2022

Kyra Mancktelow

QLD

Griffith University
Bachelor of Visual Arts (Hons.)

Kyra Mancktelow is a Ngugi, Nunukul woman of Minjerribah and Mulgumpin descent through her father’s line‚ two of three clans who are the traditional custodians of Quandamooka, also known as Yoolooburrabee, the people of the sand and sea. Through her mother’s ancestry, she has connections to the Mardigan people of Cunnamulla and South Sea Islanders, Vanuatu. Mancktelow’s practice investigates legacies of colonialism, posing questions of how we remember and acknowledge Indigenous histories. Mancktelow shares her rich heritage, stories, and traditions to educate audiences on Australian history and her culture.

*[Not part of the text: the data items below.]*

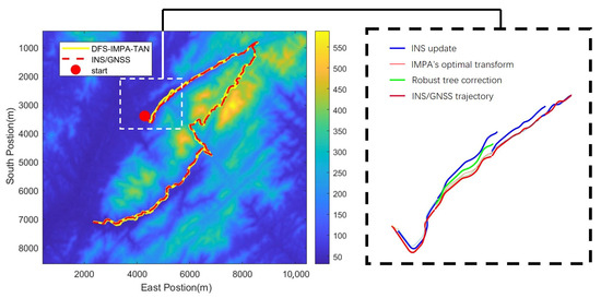 Navigation results of DFS-IMPA-TAN for the in-vehicle experiment and the correction effect of the robust tree.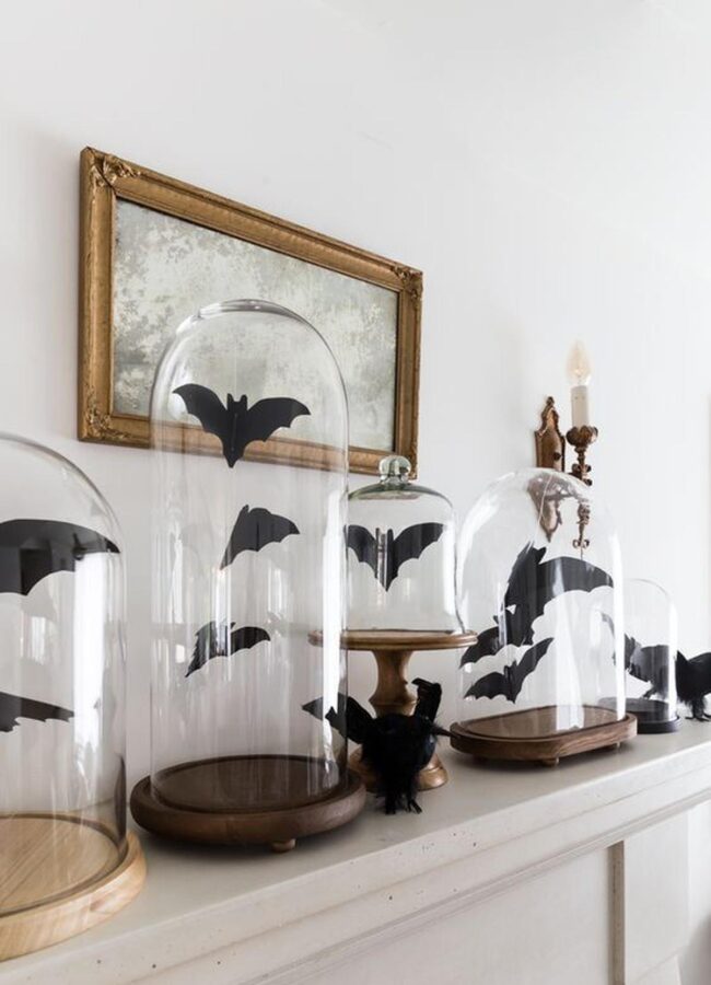 Dark bat silhouettes dramatically pop against pristine white walls, nestled artfully inside glass domes that catch mesmerizing light patterns.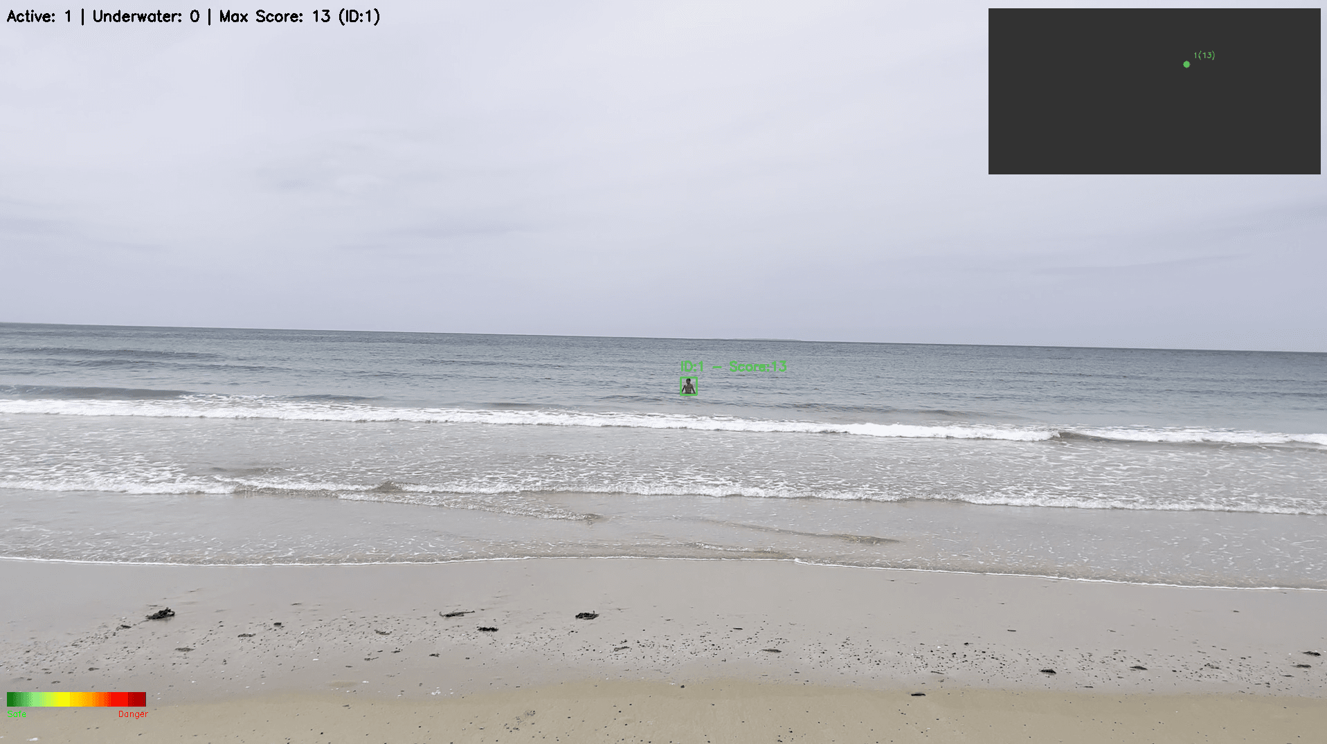 This tracking system determines precisely when a person disappears beneath the surface, and for how long. Each individual is assigned a danger score that evolves dynamically based on distance from shore, immersion time, and frequency of disappearance.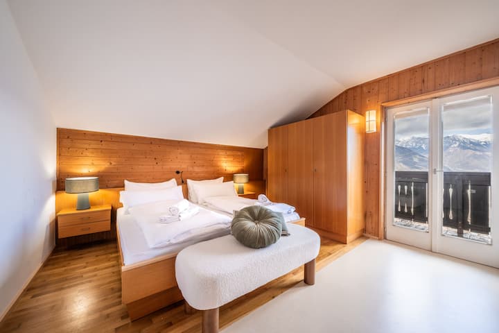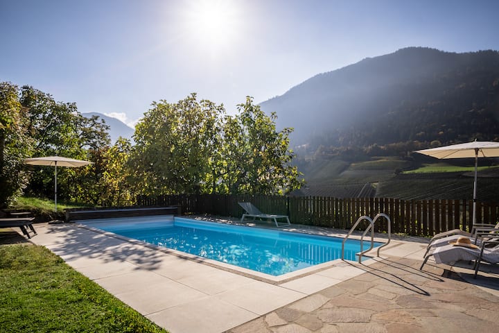 מוקפת במטעי תפוחים ציוריים, תמצאו גינה מרווחת עם מיטת חציר ריחנית, בריכה מחוממת ונופים עוצרי נשימה של מראנו וההרים שמסביב.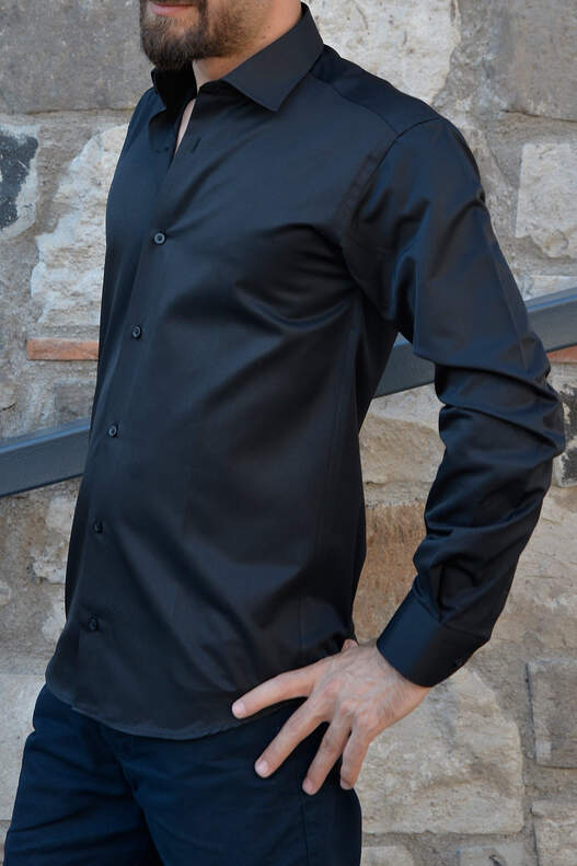 Black Cotton Satin Slim Fit Men's Shirt

Sitting Down Place challenges the archival records concerning the Indigenous people of Moongalba, also known as Myora mission. Government policy forbade traditional practices and enforced the introduction of colonial uniforms. The Indigenous people of Moongalba embodied cultural resilience by retaining knowledge, beliefs, and traditional ways of life. In 1896 the Myora Mission became a reformatory school used for cheap labour. Mancktelow’s research focuses on this period and the clothes the community were forced to wear. Through artmaking, research, and yarning with Moongalba descendants and Elders, Mancktelow focuses on maintaining traditional ways of making passed down by the Elders, the Moongalba Grannies. By recreating the uniforms and the Grannies’ dresses using traditional methods, Mancktelow emphasises the critical urgency of truth-telling, understanding, and healing as a nation.